Meditate on that Self!
Hail to you,
That you
may cross beyond the sea of darkness.’
“Now, the description was so definite in the person of
flesh that the debate arose, and prolonged in discussion and led out into
interminable histories, that this self, this eternal self located beside the
arteries of the flesh, containing all the worlds and the Heavens, must be the
separate self that was by some process of association with worlds and
experience to learn how to contain and dominate all things.
“If a person lacks sanction in bettering himself, he
secures it by a sympathetic sense of bettering others; but he does not come any
nearer to that eternal self, concerning whom there is no approach or falling
away. But this very self, near to the arteries of the heart, contained and is
not contained, is the abode of the Universe, the sun and the moon and the
stars, and of all beings; is not upon any journey, but is forever still; does not
have to overcome space to secure a sense of permanent residence; does not have
to overcome time in order to be released from that continual procrastination
which the orbits of things seduce.”
One of the important lectures by Mr.
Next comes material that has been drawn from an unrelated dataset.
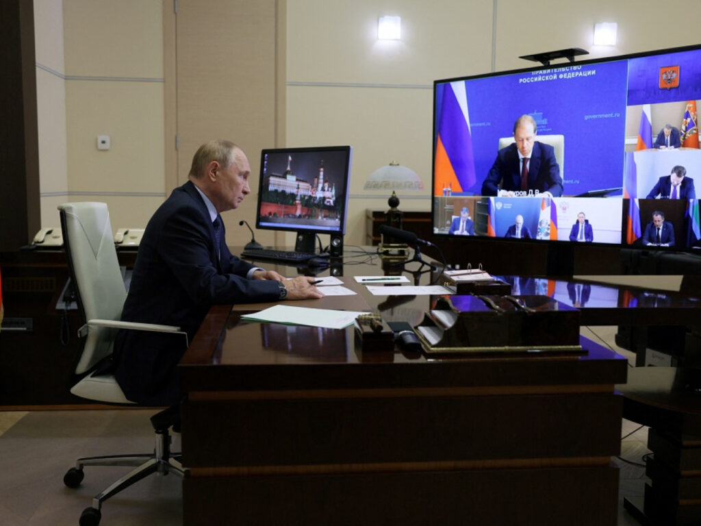 普京在主持召開邊境地區形勢會議,指烏軍試圖攻擊庫爾斯克核電站。(路透社)

Burnell,
and one in which he told his listeners frankly what he thought of them,
analyzing their mental attitudes in great detail, was entitled “Nibblers:
Medicine for Mental Lockjaw Applied.” In part, he said:
“I can almost tell the nibbler by looking at him – and
some of them are here. But that is not the particular point about it. The
particular point is, they cannot open their mouths and
bite. They have lockjaw of the soul.
* * *
“It is stated that the truth which is proposed by this
teaching is not offering any human being a remedy for his condition. He is
supposed to approach it under the auspices of the idea that his condition,
physical mental, is not such that the only infinite truth, the eternal God,
could condescend to remedy. Patchiness – ethical training, religious fervor,
cultures and symbolism, the reading of the poets – emancipations from
prejudices, that occur through associations with material investigations, which
we are obviously in the presence of testimony sufficient to prove that
individuals in such associations attain to certain mental maturities, – how can
I say it to you, that such maturings are worthless?
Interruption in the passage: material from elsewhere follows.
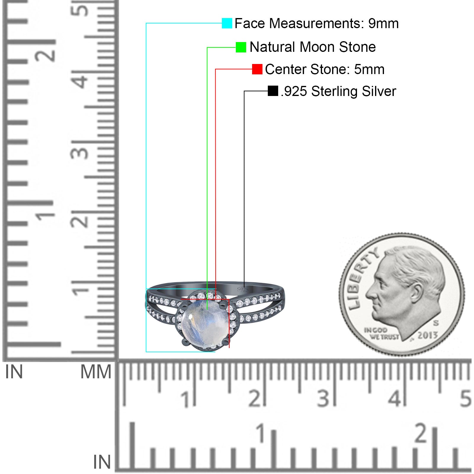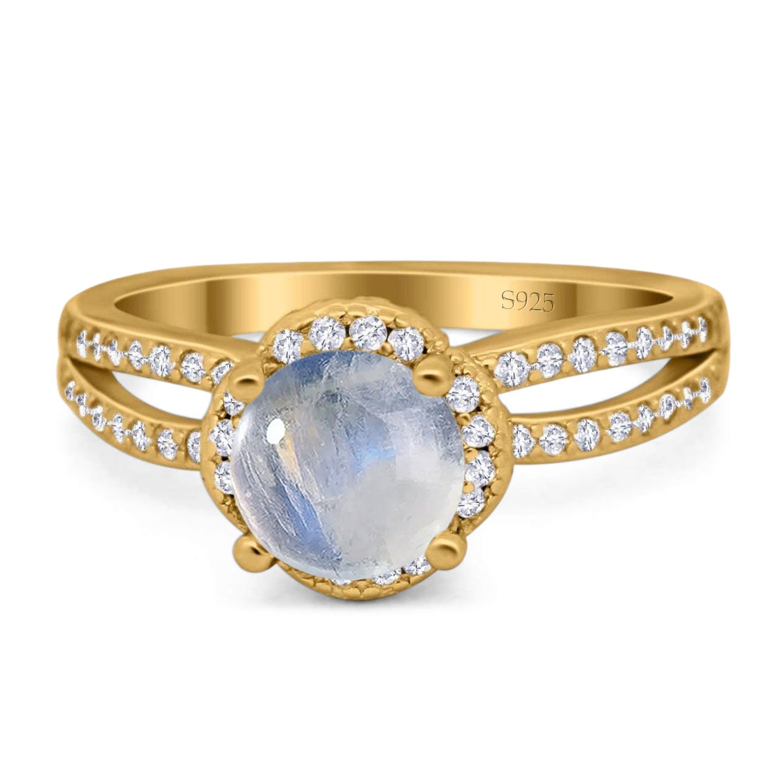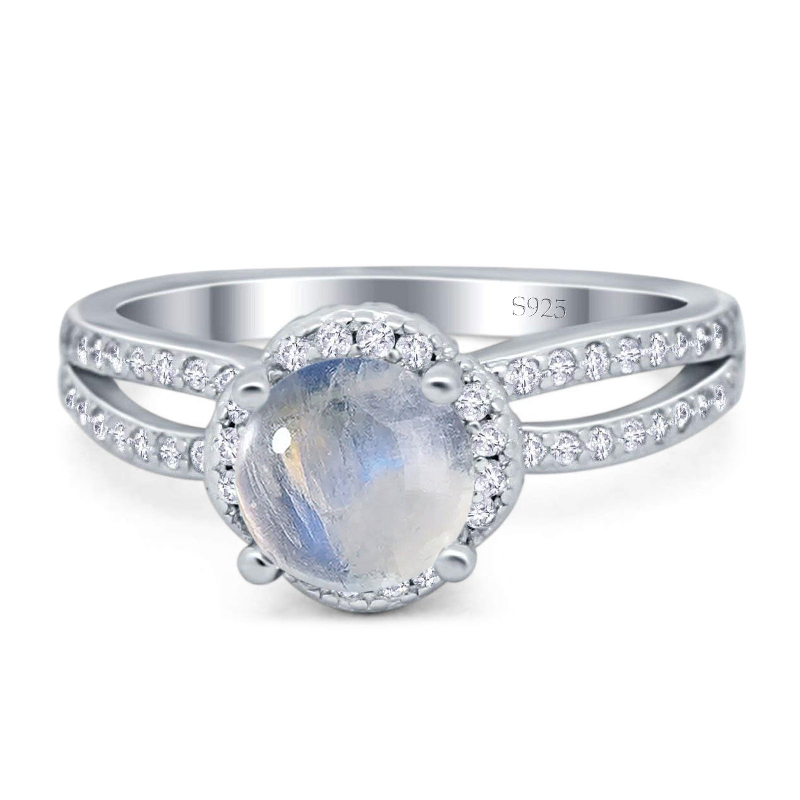 Art Deco Round Natural Moonstone Split Shank Ring 925 Sterling Silver

How can I say it to you that faithfulness and devotion are blasphemy? How can I
say it to you so that you will see that everything you do to become what you
are is an insult to what you are?
“And how can I say it so that you will get done with this
mental meandering, this prowling and browsing? When will you stop, and not wait
for the Sphinx to petrify you with dismay? What shall I say to you that there
can come an evanishment to your career of failure?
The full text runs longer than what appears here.